The lacklustre opening viewership could be down to fragmentation, with MLB the second most fragmented US major sport in terms of distribution partnerships. The MLB is distributed on FOX, ESPN, TBS, DAZN, Facebook, ESPN+ and now YouTube. Diversifying reach is sensible with the older valuable demographic retaining pay-TV subscriptions, and the younger audiences engaging on social and streaming platforms. Owning multiple subscriptions is declining during this period of peak attention as consumers specialise on a select range of services to engage with and spend on consuming content. Owning three or more digital subscriptions as an activity has declined from a peak of 24% in Q3 2017 in the US down to 18% in Q1 2019 (source: MIDiA Research), highlighting the increasing struggle to win consumer attention.

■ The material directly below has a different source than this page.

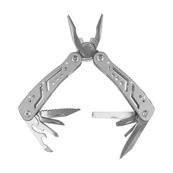 Компактний і міцний мультитул 11в1 поєднує в собі 11 корисних функцій, які завжди під рукою. Виготовлений із нержавіючої сталі, має ергономічні ручки сірого кольору з матовим покриттям. Цей багатофункціональний інструмент стане чудовим помічником удома, в автомобілі, у подорожах, на риболовлі чи в походах.

Consumers will not be pleased with rights holders awarding exclusive rights deals to too many players, as MIDiA saw with the English Premier League rights in the UK. YouTube offering free live streams could come at the detriment to DAZN for instance, which requires consumers paying $19.99 a month, so lean-back baseball fans could be encouraged to cancel this subscription in favour of YouTube to consume MLB content. However, with the length of MLB fixtures, the propensity to allocate 3+ hours to engaging with an MLB game is simply asking too much of current mainstream digital consumers, as the world migrates away from traditional consumption habits. To reach the audiences of tomorrow, the MLB will need to think the unthinkable and re-imagine what is core content proposition actually consists of for time-poor and over-engaged digital natives.